走过初恋的朦胧幻境,记忆的花瓣早已随了流水远去,那颜色与淡雅的香味封存在隔世的锦囊里。将身上的伤痛如灰尘般轻轻拍掉,眼睛变得明朗妩媚起来,与那个将走过一生一世的人牵手,开始共渡今生短暂而漫长的每分每秒。
记得十年前你在庐山脚下的宾馆写信给我,说你没与同伴去爬这座山,想留着与我一起去。
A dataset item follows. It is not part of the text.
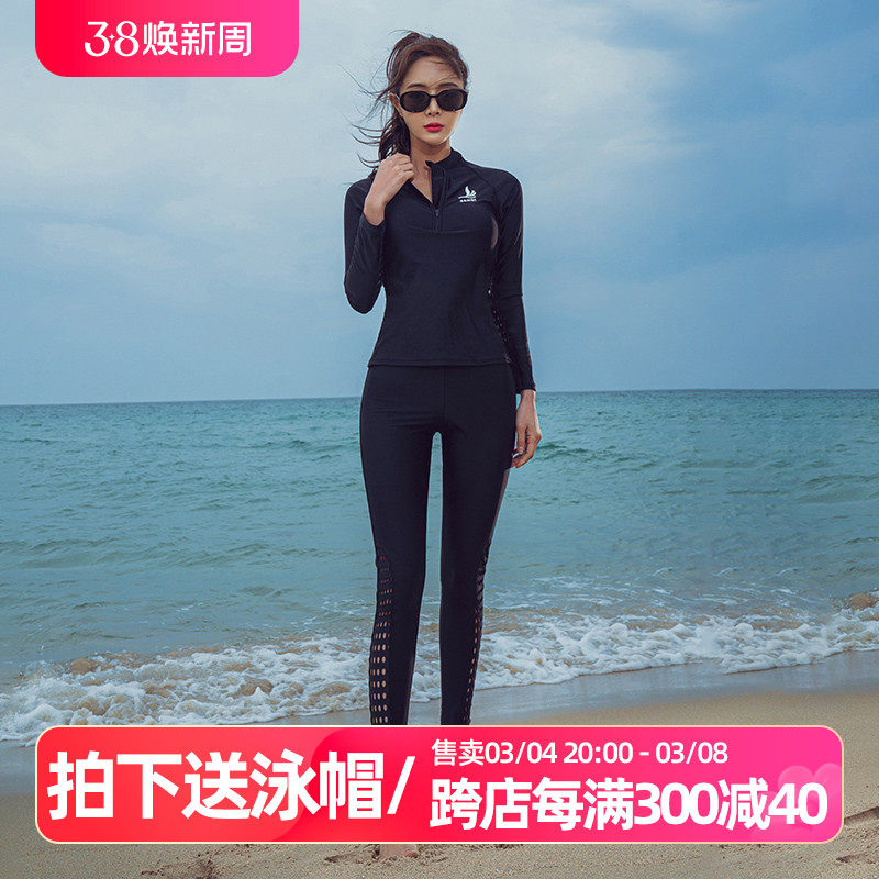 新款三奇长裤连体游泳衣紧身速干长袖潜水服弹力女士水母套装泳装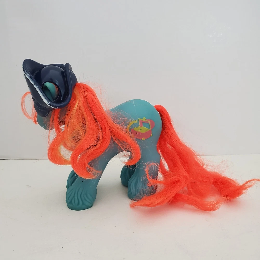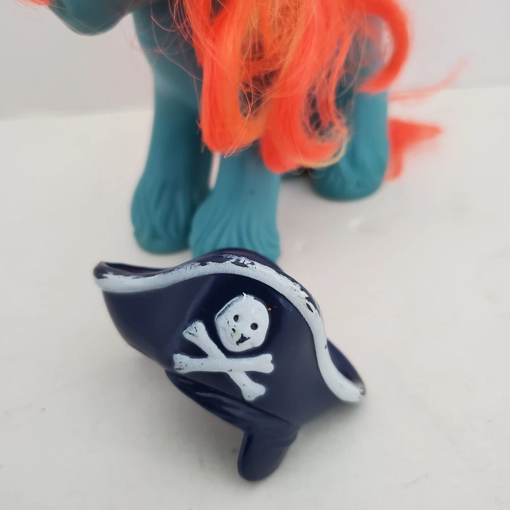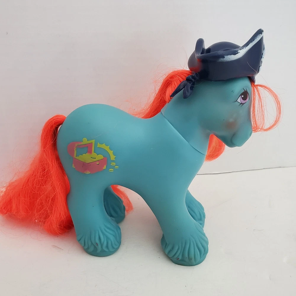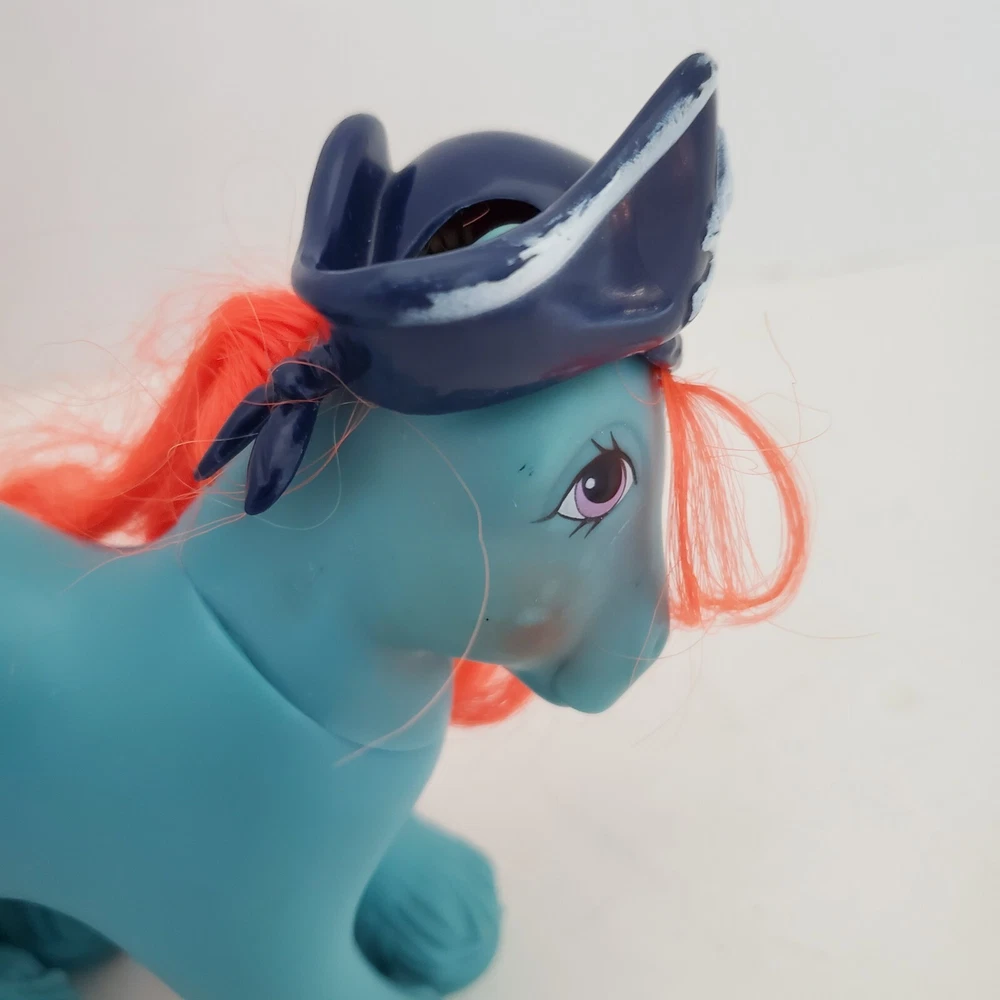 My Little Pony G1 Big Brother Barnacle Pony with Pirate Hat Hasbro 1987 Vintage/Pre-Owned Item showing signs of previous ownership and use. Hair needs some TLC. White design on the pirate hat is worn off in some spots. There's a line on the underside of one foot that might be ink or other. Some discoloration on face. Sold AS-IS/AS-FOUND. Photos show all sides of the pony and top and bottom views. Zoom in on photos as part of the complete description and to assess condition Please message me with any questions or to request additional photos prior to purchasing. Item will be carefully packed and quickly shipped with USPS Priority Mail. At this time, I have a seperate listing for a Lot of 6 Vintage 1980s My Little Ponies (Ebay item n umber: 314889585642 ) . If you purchase from multiple listings, combined shipping is available.

当时正是容易滋生爱情想象的年龄,感动得一塌糊涂时,便紧紧盈握了这份约定,尽管现在我们仍未履约。
经历了好些春夏秋冬的风雨,这风雨就像调色板里的颜色,以不断的变化来描摩一幅幅或美丽或无彩的画,无论画的质量好坏,我们都一直勤奋地调着颜色,也一直勤奋地为达成对色调的共识而争执,最终还是一直勤奋地共同把那生活中的一幅幅画努力画好,一直到现在。
是在那些发呆的日子里学会了过滤,有时滤去的是杂质,有时却滤去了与杂质相反的东西,前者留下的是美好、快乐与幸福,后者相反。常常会被无意识和不小心过滤留下的东西而再次碰伤,便又会急急把滤走的东西找回来,就在这时东时西的困惑里忙碌,伴随着流水般的日子。
那天,你在电话里对我说,你只在布达拉宫外面转转,想留着与你一起进去。淡淡的一句,一下子就把我拉回到了十年前收到你信的那一刻,熟悉的心跳,熟悉的感动,竟然十年了丝毫没有改变,十年的过程似乎被轻易忽略,那个起点一下子便滑来了眼前。
前世注定了我们都会来到这个喧嚣的尘世,在母亲温暖的子宫中潜伏足够的时间,借助母亲的身体为来到世上之前先修一个成形的娇小肉身。十多二十年的等待,只为了那个叫白娘子的拣了许仙,而许仙想拣小青却不能,在时光流逝和朝代的更迭中,他们又各各成为拣与被拣的人,不断重复着相同的故事。我们之间,是谁拣了谁呢?又将怎样进行拣与被拣的故事?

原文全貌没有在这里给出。